Just two weeks ago I saw a NEW NASCAR XE block. It was brand new, in a Ford box with the original Ford Service Parts order label on it, from the ordering dealer.  It had the Gelong icon and was still in the cosmolene.

It was standard bore and came with a sonic testing chart. There were no cylinders less then .280" thick.

It was the first one I saw close up and I think it was closer to 100 pounds heavier then my D2 4 bolt block. What a chunk of iron...and yes it APPEARED to be legit!

I didn't buy it because the price was $3500 FIRM. Of course if I had the money I'd probably be staring at it right now.



That B9 might be the one that they ran at Bonneville. Mike Cook may have something to do with that as well, if you can find him.



You are no better off on a production Windsor. They are thin wall casting like all Ford PRODUCTION blocks are.

I think the latest "Ford Racing" aftermarket "Boss 302" block (a 351W) WAS the most reasonable at something like $2,200 from Summit?

As stated previously, the Windsor block in a Pantera chassis is going to take "just a little bit" of modification and if you aren't using Cleveland heads, you were missing the point entirely. Using Windsor heads isn't really where you want to go.

You should have by now (50 years later) seen the data I would think?

Last edited by panteradoug

Can't help putting my engineer hat on sometimes.  I have been skeptical of the drivetrain power loss figures -- 50 to 75 hp, 20%, or whatever is often times claimed.  Say you have a 350 hp engine and lose 20% for 280 rwhp.  That is 70 hp loss.  Each hp is approximately 750 watts.  That is 52.5 kilowatts of power loss.  Maybe the short duration of a dyno pull is the saving grace here.
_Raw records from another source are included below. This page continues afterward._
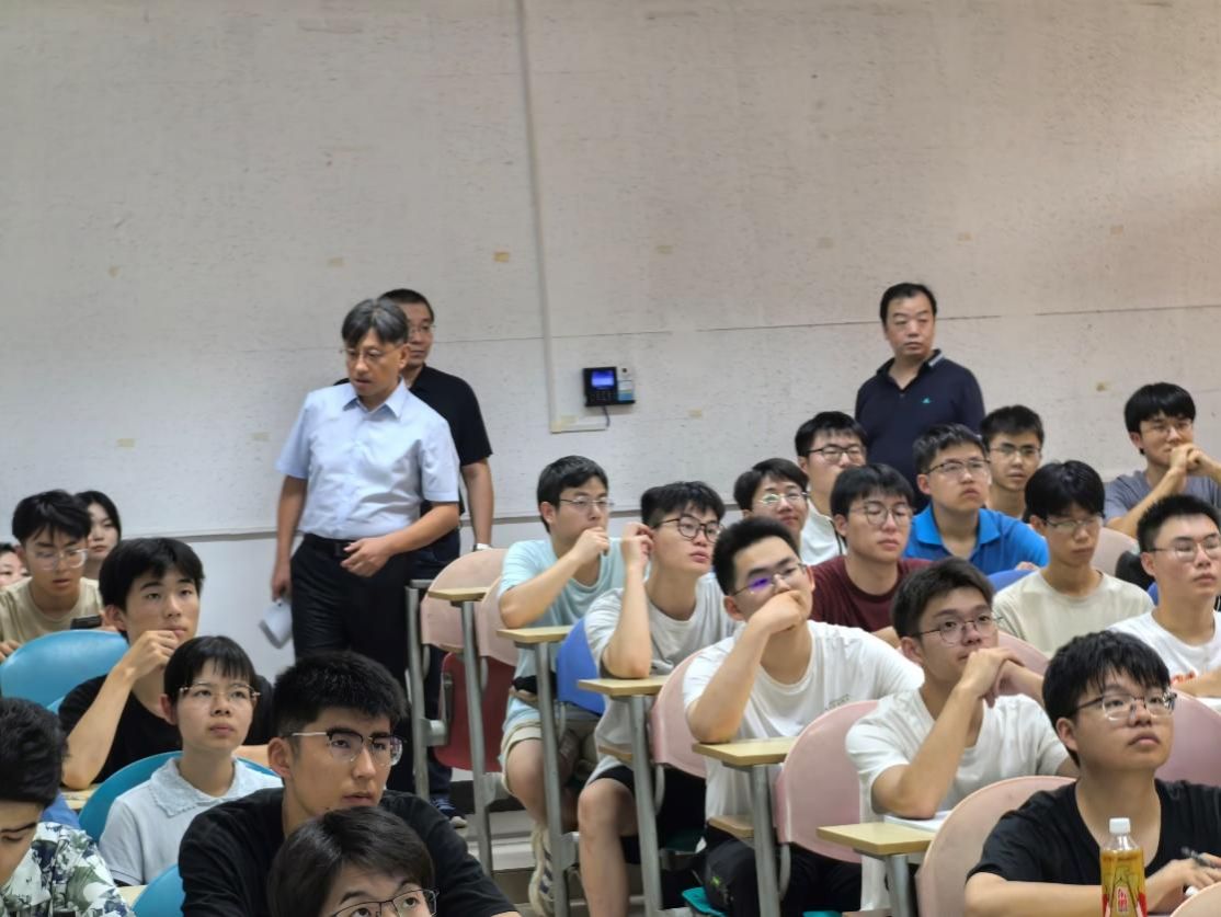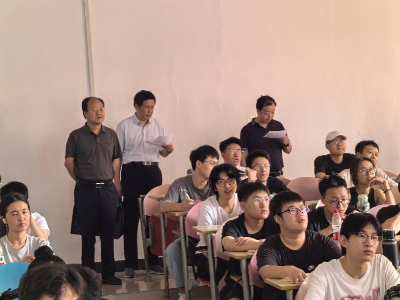(通讯员 王飞)新学期开学之际,为提升本科教学质量,严明学生课堂纪律,建设优良学风作风,引导学生养成良好的学习习惯,营造严谨治学、奋力勤学的学习氛围,2024年9月2日至9月6日,必赢242net官网开展为期一周的开学本科教学检查活动。9月2日上午,由必赢242net官网分党委书记梁玮、执行院长黄进带队,教学副院长陈晓龙及学院其他领导、督导、各系主任、支部书记、本科教学办公室人员及相关年级辅导员参与组成检查组,对开学第一课的教学秩序进行检查。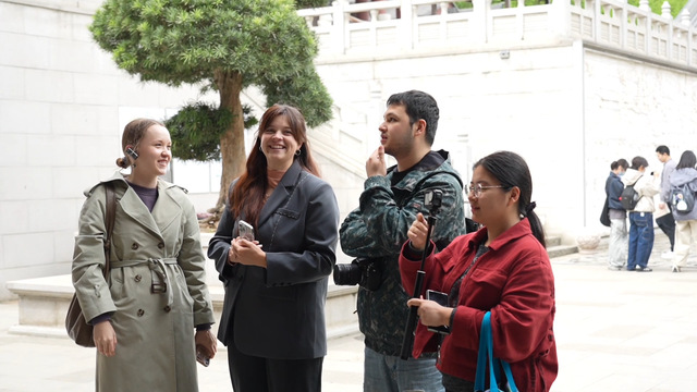 “一座牛首山,半部金陵史。”佛顶寺的飞檐在镜头中勾勒出唐风遗韵,禅院钟声化作短视频中悦动的音轨;佛顶宫穹顶之下,学生们用广角镜头捕捉传统建筑美学与现代建筑技巧的巧妙共振;郑和墓前的松柏苍翠如昨,多语种+国际传播的学子通过多语向世界讲述七下西洋的壮举。三大文化地标的探访足迹,最终转化为照片、V-log、多语种解说等融媒体作品,让传统智慧、海丝精神等文化符号转化为可看、可听、可感的数字内容;让千年金陵文化在当代青年的诠释中焕发出全新的生机与活力。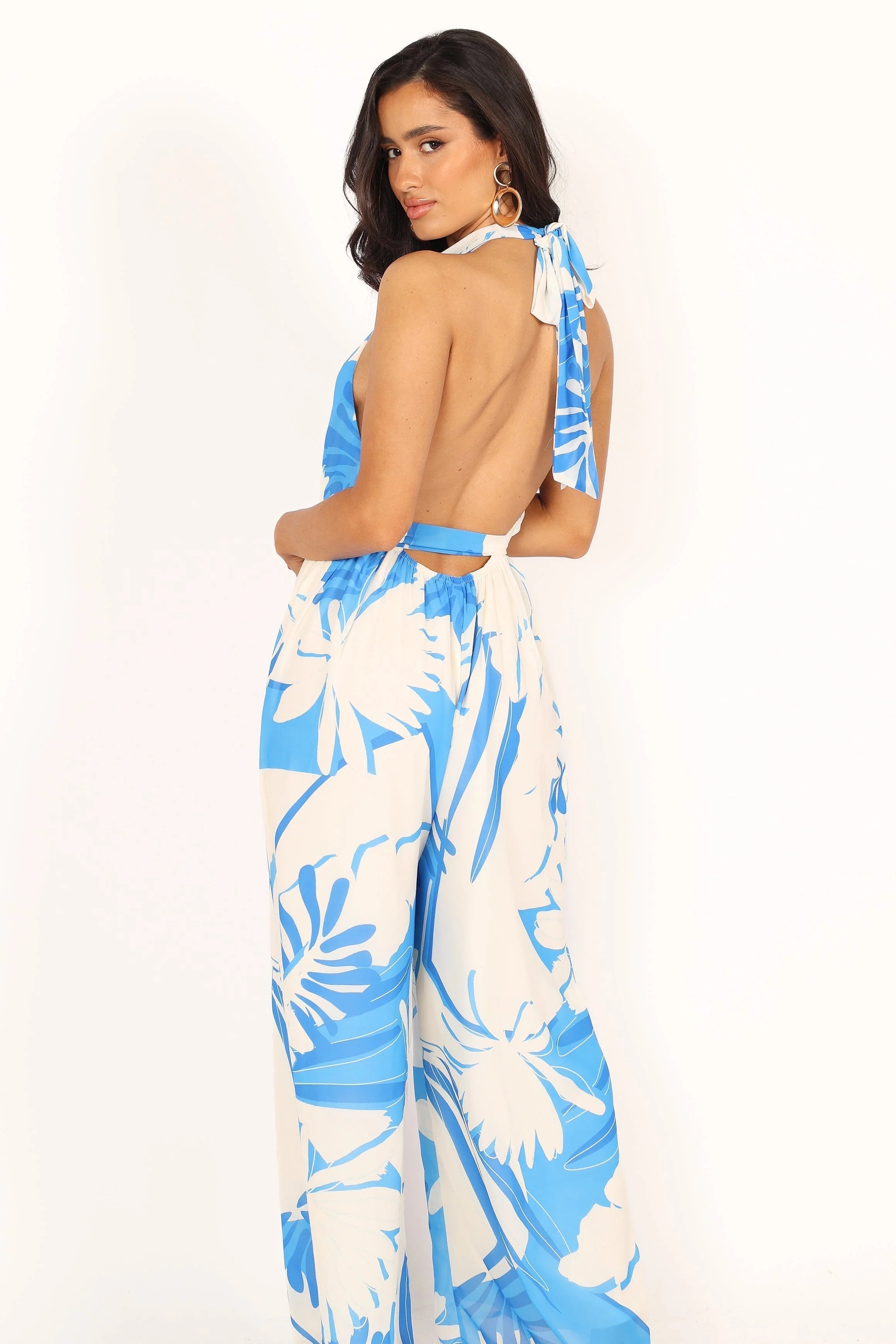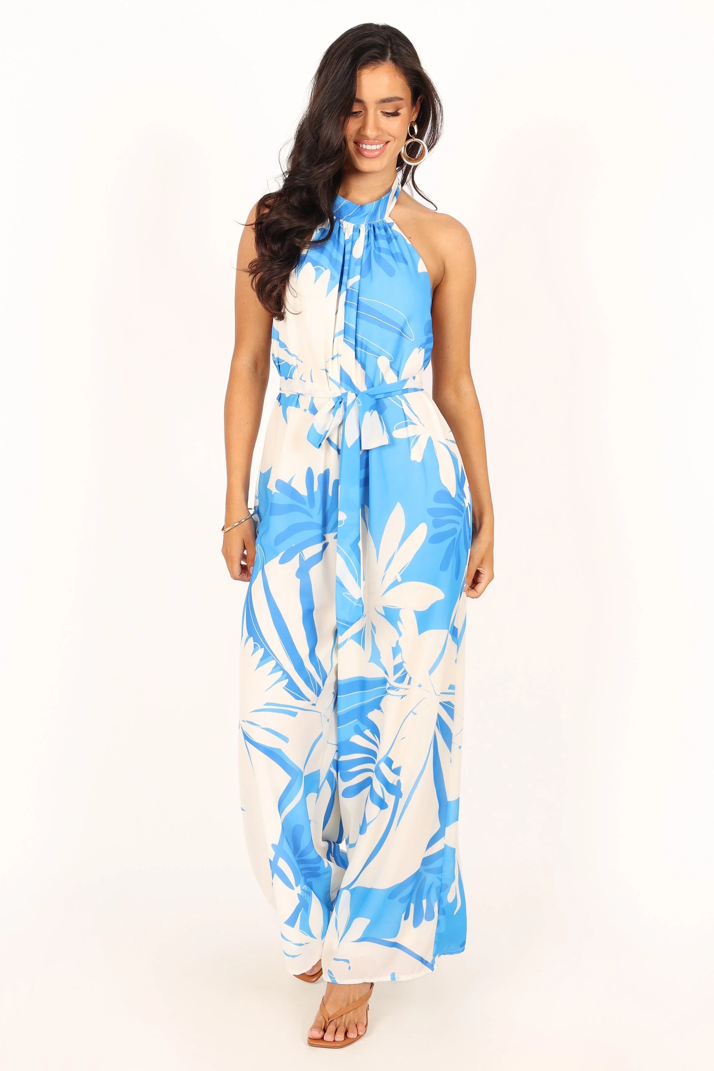 DETAILS Are you looking for a jumpsuit that is stylish and comfortable at the same time? Look no further than this beautiful blue floral jumpsuit! The halterneck neckline with tie close ensures an effortlessly chic look, while the open back feature adds a touch of femininity.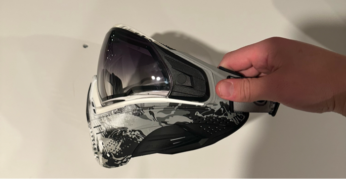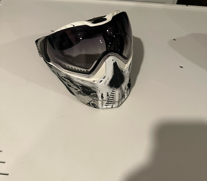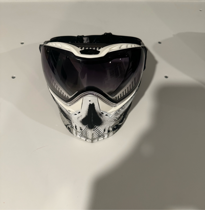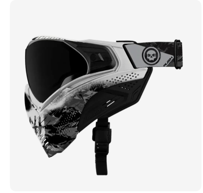 Infamous push unit goggles grey headhunter. Comes with goggles basic chin strap and green head strap. Gradient clear lens.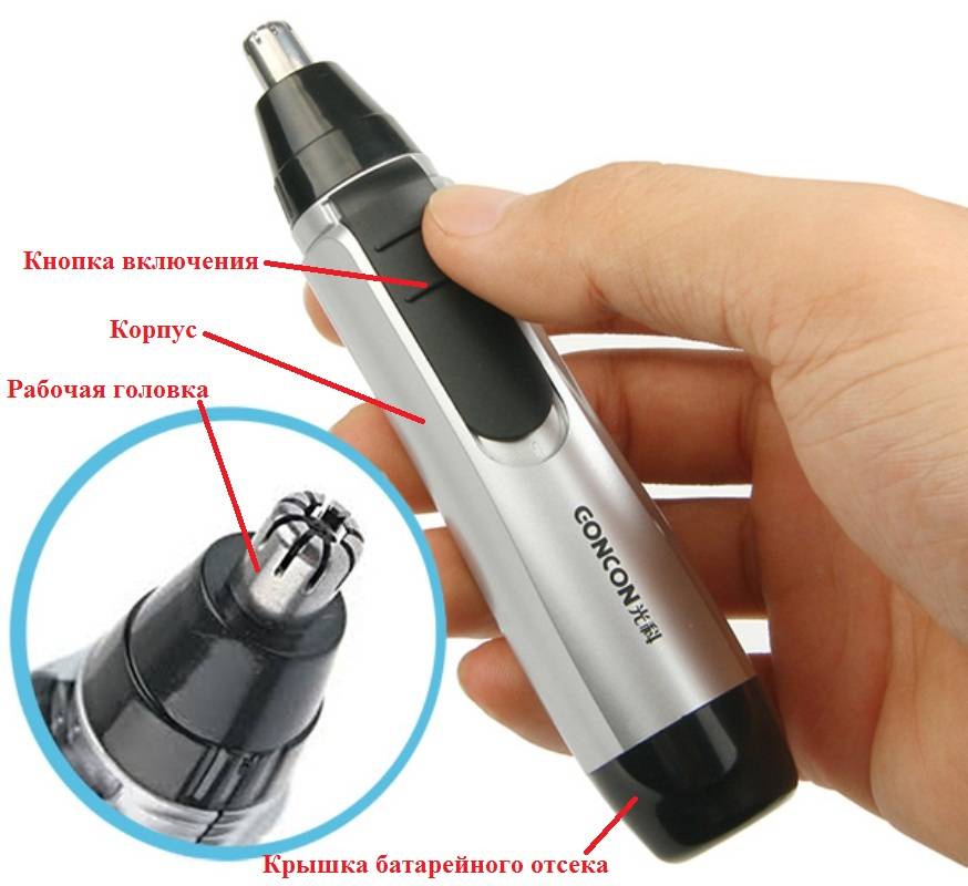 Машинка для состригания волос в носу имеет очень простую конструкцию, состоящую из следующих деталей и узлов:
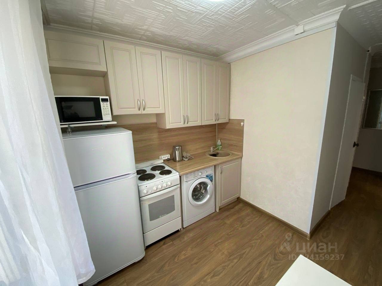 В комнате и на кухне есть необходимая мебель, а также вся необходимая техника: холодильник, телевизор и стиральная машина. Санузел совмещенный и оборудован ванной. Окна квартиры выходят во двор, что обеспечивает тишину и комфорт.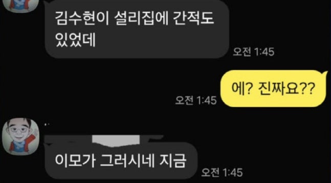 A씨와 대화하는 상대는 "김수현이 설리 집에도 왔었대"라고 말한 모습. A씨가 "진짜요?"라고 반문하자 상대는 "이모가 그러시네"라고 답했다.

Donnie, lets put this in perspective.  You want an 800 hp engine and a trans to match.  The old adage applies here.  How fast to you want to go and how much money do you have?  The two go hand in hand.  The pantera is an appreciating classic with some pretty strong values for some of the more tastefully restored cars.  Spending $4,000 on a aftermarket engine block to me is a sound investment in the long term longevity of your car.  800 hp naturally aspirated is probably a car that I don't want to drive on the street very often.  The pantera begs for a high horsepower endurance engine.  George has a formula for a 500 hp or more engine using a stock cleveland block.  I used this for the basis of my build and I couldn't be happier.  As I understand it anything over 600 hp is the limit of the ZF.  Once again:  How fast do you want to go?  How much money do you have?